Hills growers are disappointed with a fruit fly funding announcement.
Hills growers are disappointed with a fruit fly funding announcement.

THE State Government said fruit growers must fund a complex fruit fly control strategy across the Hills, shocking a group that believed help was on its way.

‘You could have bowled me over with a feather,’ Hills Orchard Improvement Group spokesman Brett DelSimone said.

Last week, the group said it believed a $10 million annual funding commitment was coming from the Department of Agriculture and Food (DAFWA) to implement the Area Wide Management (AWM) pest control strategy in the Hills.

But a spokeswoman said DAFWA was only working on a proposal for a project costing $1-$2 million a year.

Industry would have to fund this, with DAFWA only promising in-kind technical support.

Mr DelSimone said the project was ‘yet another trial’ while the industry needed meaningful action.

He said growers could help implement AWM, but leading, funding and enforcing the system was beyond its capabilities because it would cost $10 million annually and Hills industry levies raised just $200,000.

The industry had no authority to oversee crucial AWM measures, such as abandoned orchard removal, control and hygiene practices in commercial and home orchards, or sterile insect release programs.

DAFWA has advocated AWM as the answer to the fruit fly infestation the Government declared in the Hills.

Implementation is urgent within 12 months. The only chemical proven to kill the fly in all lifecycle stages will be banned.

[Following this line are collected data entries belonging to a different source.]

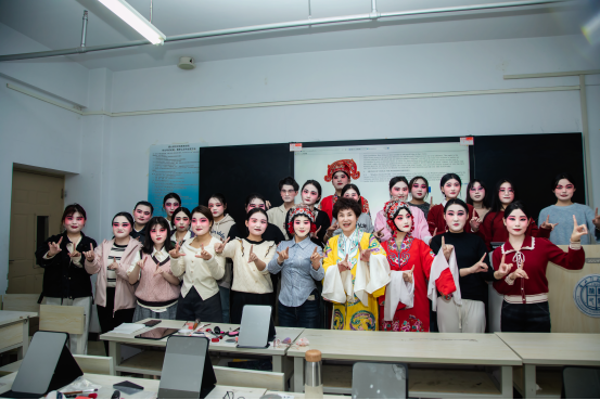 课程以“戏曲妆容里的美学原理”为主题,注重理论性与体验性、互动性相结合,特别是戏曲扮相中的大扮、古扮和越扮,激发了同学们的浓厚兴趣。23学前一班的霍雅婷说:“上了罗老师的品质鉴赏课,我深深地体会到了服饰服装以及妆造的美丽,让我深深的爱上了评剧鉴赏课。”
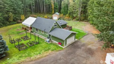 Gated 5-acre oasis surrounded by a 28-acre forest provides unmatched privacy! You can have it all with this beautifully updated 3BR/2BA home. Enjoy a modern kitchen with quartz countertops, maple soft-close cabinets, upscale SS appliances & fabulous walk-in pantry. Stunning great room features vaulted ceilings, newer carpet & cozy gas fireplace w/marble surround. Spiral staircase to loft bedroom, 2 others on main level. Stylish bathrooms include heated floor & 6 foot soaking tub, a zero-entry shower with dual heads & upgraded mirror lighting. Huge covered trex deck overlooks backyard. 2-story (16x24) shop & ample parking! Gardener's paradise or perfect for hobby farm & horses! Don't miss the nature trail around the perimeter of the acreage!
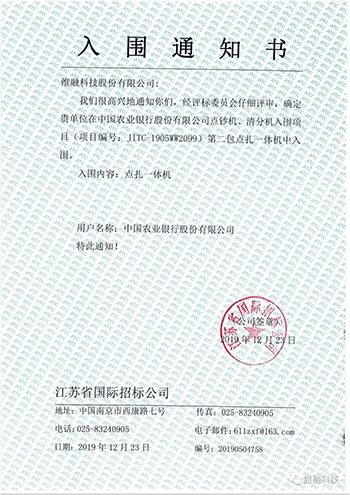 近日,維融科技股份有限公司收到江蘇省國(guó)際招標(biāo)公司發(fā)出的《中國(guó)農(nóng)行股份有限公司點(diǎn)鈔機(jī)、清分機(jī)入圍通知書(shū)》(項(xiàng)目編號(hào):JITC-1905WW2099),確定維融科技中標(biāo),中標(biāo)產(chǎn)品包括:人民幣點(diǎn)鈔機(jī)、點(diǎn)扎一體機(jī)。 維...
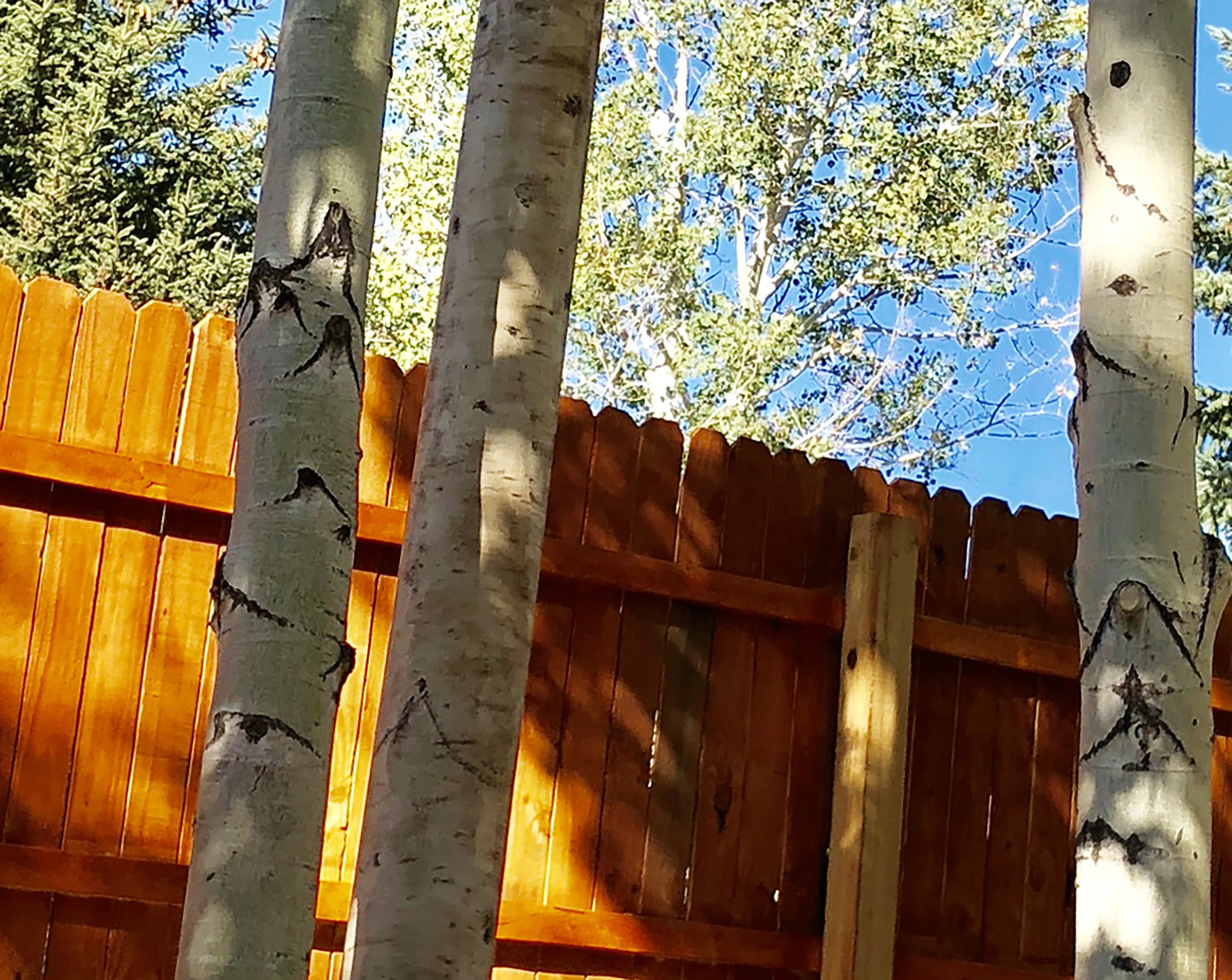 when dan & i are together, we do projects focused around his house. we painted a tall hollow pole destined to support the overhead outdoor heater over his porch. it stands next to 3 aspen trees, so we made it look like an aspen trunk. .
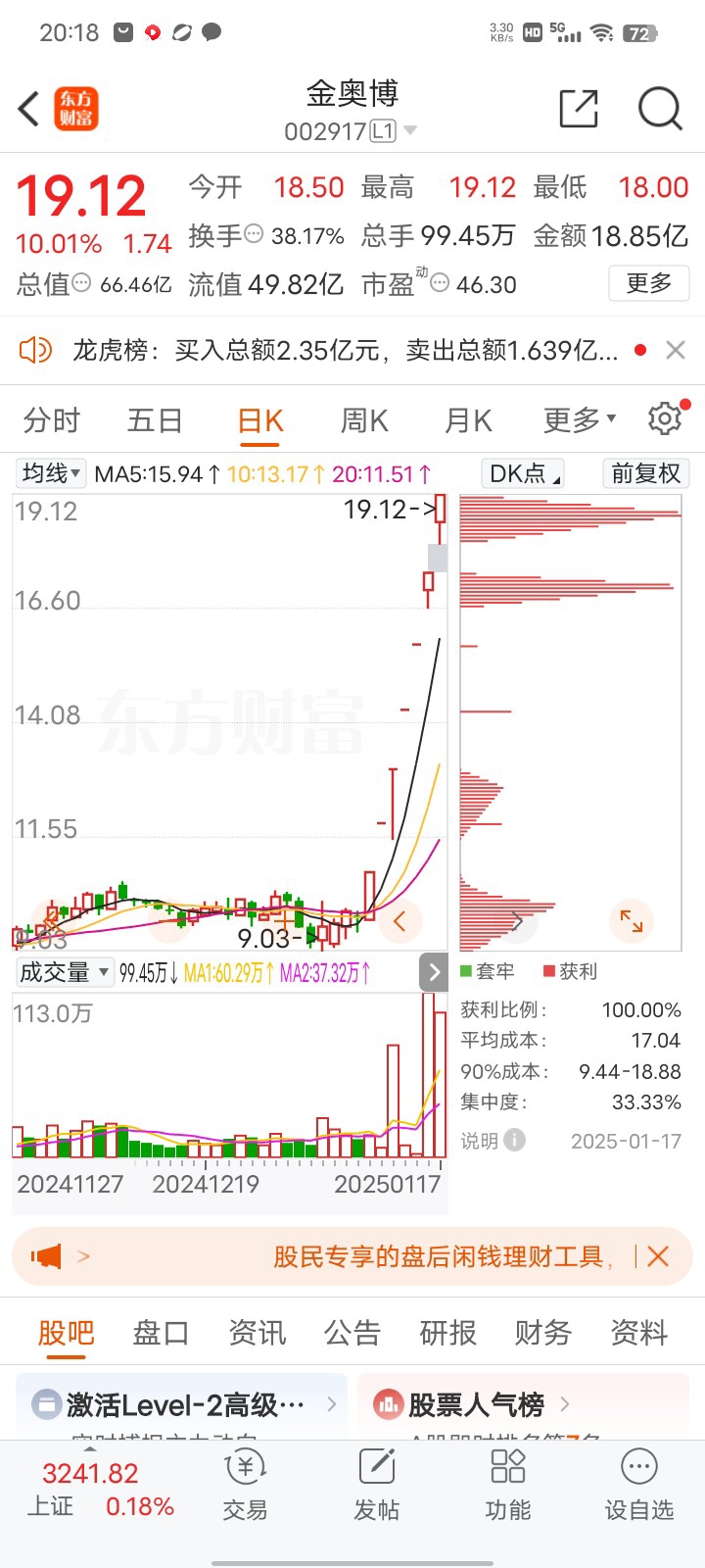 $金奥博(SZ002917)$ 开6点44最低到4点44探到18元15目前最高板7板
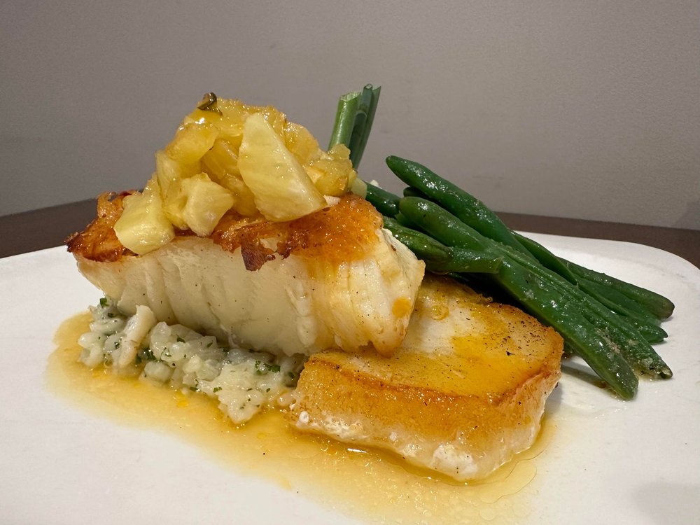 Citrus beurre Blanc, seasonal risotto, green beans.
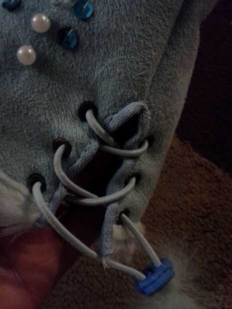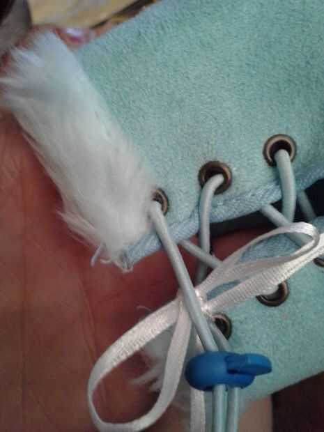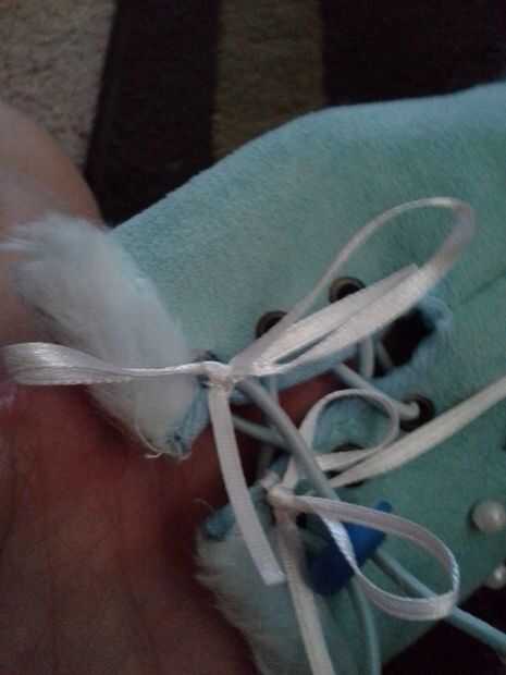 Tenía el cordón en él ya, así que todo que hizo fue tomar la cinta a través del agujero superior y nudo doble, luego hacer un lazo.  Atado el arco dos veces y me tiró duro garantizar el empate.  Ver fácil y bonito!
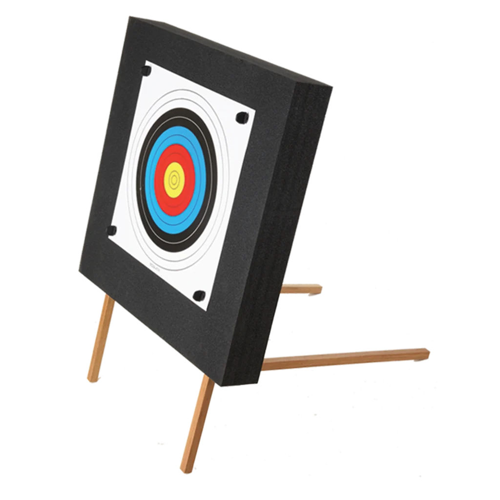 This target from EK Archery is designed to to stop low to medium powered recurve and compound crossbows and comes complete with wooden legs that allow the target to be used free standing. Target Measures: 60cm x 60cm x 10cm
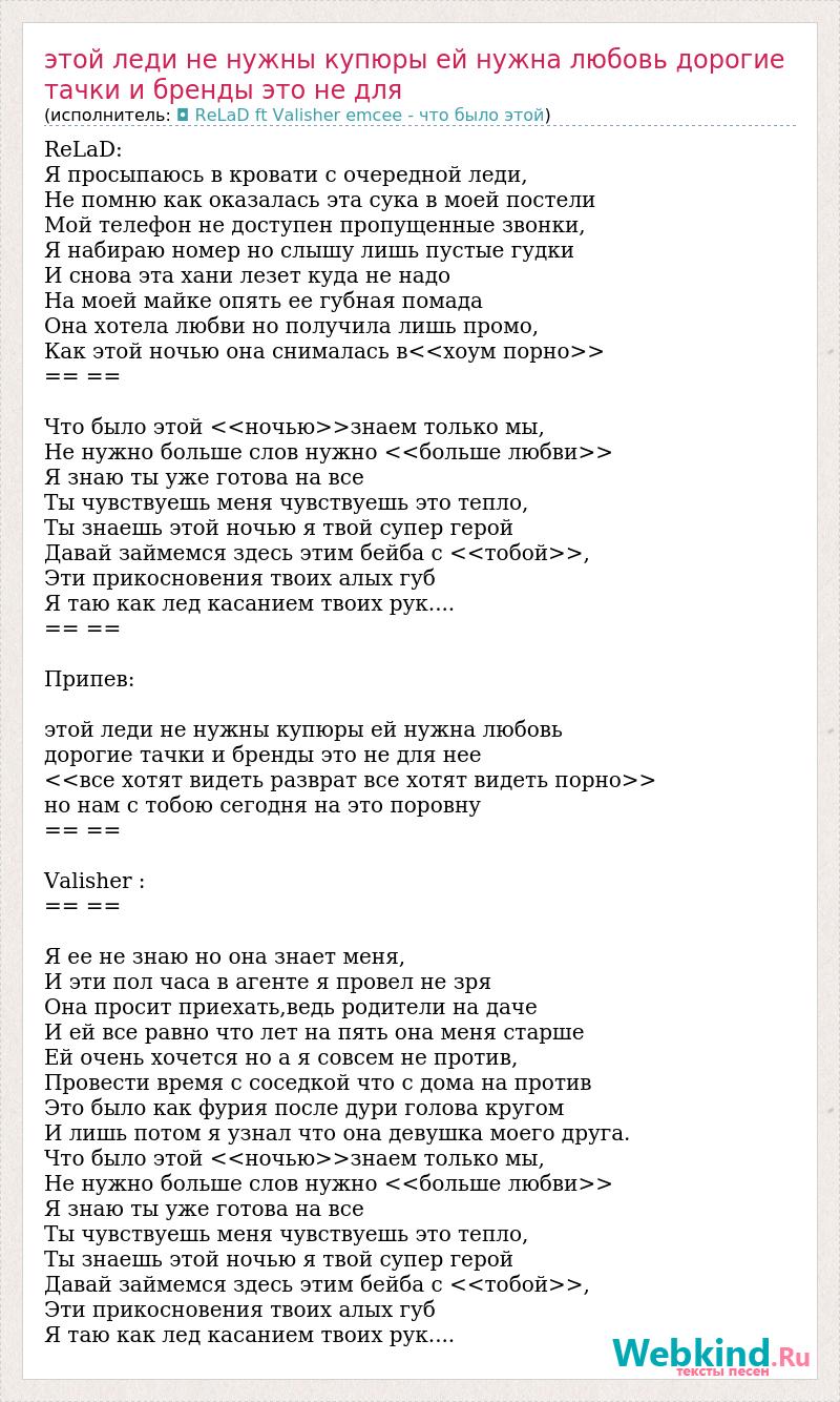 ReLaD: Я просыпаюсь в кровати с очередной леди, Не помню как оказалась эта сука в моей постели Мой телефон не доступен пропущенные звонки, Я набираю номер но слышу лишь пустые гудки И снова эта хани лезет куда не надо На моей майке опять ее губная помада Она хотела любви но получила лишь промо, Как этой ночью она снималась в<<хоум порно>> == == Что было этой <<ночью>>знаем только мы, Не нужно больше слов нужно <<больше любви>> Я знаю ты уже готова на все Ты чувствуешь меня чувствуешь это тепло, Ты знаешь этой ночью я твой супер герой Давай займемся здесь этим бейба с <<тобой>>, Эти прикосновения твоих алых губ Я таю как лед касанием твоих рук.... == == Припев: этой леди не нужны купюры ей нужна любовь дорогие тачки и бренды это не для нее <<все хотят видеть разврат все хотят видеть порно>> но нам с тобою сегодня на это поровну == == Valisher : == == Я ее не знаю но она знает меня, И эти пол часа в агенте я провел не зря Она просит приехать,ведь родители на даче И ей все равно что лет на пять она меня старше Ей очень хочется но а я совсем не против, Провести время с соседкой что с дома на против Это было как фурия после дури голова кругом И лишь потом я узнал что она девушка моего друга. Что было этой <<ночью>>знаем только мы, Не нужно больше слов нужно <<больше любви>> Я знаю ты уже готова на все Ты чувствуешь меня чувствуешь это тепло, Ты знаешь этой ночью я твой супер герой Давай займемся здесь этим бейба с <<тобой>>, Эти прикосновения твоих алых губ Я таю как лед касанием твоих рук....

DAFWA said the State Government had last week announced $20 million in Royalties for Regions funding for agriculture and food sector biosecurity. Part would go towards a pilot to eradicate fruit fly in Carnarvon, but the Hills was not mentioned.

The Government acknowledged during its announcement that fruit fly cost the WA horticultural industry millions of dollars each year and said being free from many of the world’s worst pests and diseases gave WA a tremendous marketing advantage.

‘We must work to protect this reputation,’ Premier Colin Barnett said.